WHAT THE TASK REQUIRES »
One range is to be output from the listing below, exactly as written: the line with "The main design" to the line with "ÀÇÀåÀº À̳¯ ÀÇÀå", both kept.
++++ MATERIAL PROVIDED
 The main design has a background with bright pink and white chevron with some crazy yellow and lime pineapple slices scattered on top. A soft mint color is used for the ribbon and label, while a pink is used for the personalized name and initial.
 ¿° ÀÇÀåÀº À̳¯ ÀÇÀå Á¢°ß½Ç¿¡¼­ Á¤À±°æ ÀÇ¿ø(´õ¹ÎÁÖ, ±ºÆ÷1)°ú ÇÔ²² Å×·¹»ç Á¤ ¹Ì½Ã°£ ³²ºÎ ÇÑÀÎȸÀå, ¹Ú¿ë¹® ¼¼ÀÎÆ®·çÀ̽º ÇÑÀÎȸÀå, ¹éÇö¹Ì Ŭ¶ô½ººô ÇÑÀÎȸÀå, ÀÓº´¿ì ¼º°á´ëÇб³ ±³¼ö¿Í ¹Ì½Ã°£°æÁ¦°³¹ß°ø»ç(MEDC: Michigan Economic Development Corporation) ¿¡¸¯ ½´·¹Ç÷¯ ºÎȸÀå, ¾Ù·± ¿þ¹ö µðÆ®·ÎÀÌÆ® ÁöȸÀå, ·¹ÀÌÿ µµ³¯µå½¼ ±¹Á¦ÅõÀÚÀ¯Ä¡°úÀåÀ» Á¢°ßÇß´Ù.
++++++++
++++ MATERIAL PROVIDED
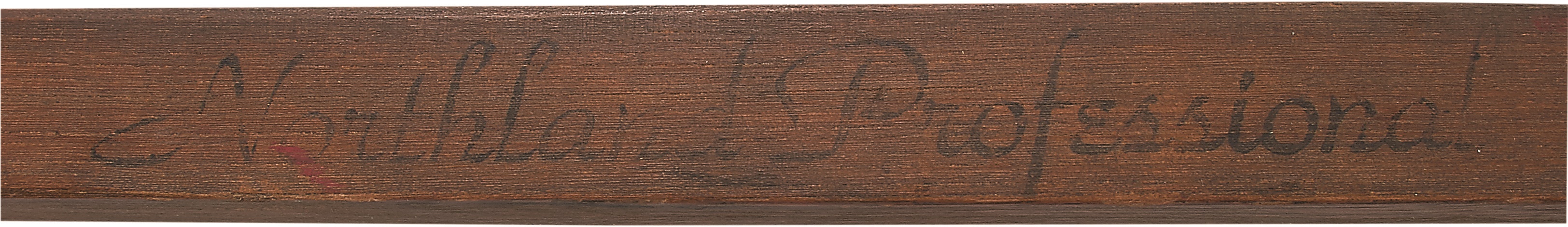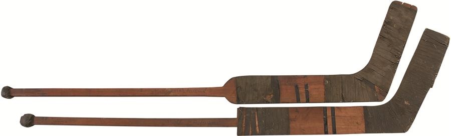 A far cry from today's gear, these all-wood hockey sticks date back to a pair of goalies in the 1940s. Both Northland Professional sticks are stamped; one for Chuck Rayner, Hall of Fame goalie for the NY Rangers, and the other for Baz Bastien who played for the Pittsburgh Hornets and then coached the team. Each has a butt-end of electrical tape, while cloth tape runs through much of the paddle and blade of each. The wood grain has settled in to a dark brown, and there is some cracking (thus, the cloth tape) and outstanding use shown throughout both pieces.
++++++++
RESPONSE »
 The main design has a background with bright pink and white chevron with some crazy yellow and lime pineapple slices scattered on top. A soft mint color is used for the ribbon and label, while a pink is used for the personalized name and initial.
 ¿° ÀÇÀåÀº À̳¯ ÀÇÀå Á¢°ß½Ç¿¡¼­ Á¤À±°æ ÀÇ¿ø(´õ¹ÎÁÖ, ±ºÆ÷1)°ú ÇÔ²² Å×·¹»ç Á¤ ¹Ì½Ã°£ ³²ºÎ ÇÑÀÎȸÀå, ¹Ú¿ë¹® ¼¼ÀÎÆ®·çÀ̽º ÇÑÀÎȸÀå, ¹éÇö¹Ì Ŭ¶ô½ººô ÇÑÀÎȸÀå, ÀÓº´¿ì ¼º°á´ëÇб³ ±³¼ö¿Í ¹Ì½Ã°£°æÁ¦°³¹ß°ø»ç(MEDC: Michigan Economic Development Corporation) ¿¡¸¯ ½´·¹Ç÷¯ ºÎȸÀå, ¾Ù·± ¿þ¹ö µðÆ®·ÎÀÌÆ® ÁöȸÀå, ·¹ÀÌÿ µµ³¯µå½¼ ±¹Á¦ÅõÀÚÀ¯Ä¡°úÀåÀ» Á¢°ßÇß´Ù.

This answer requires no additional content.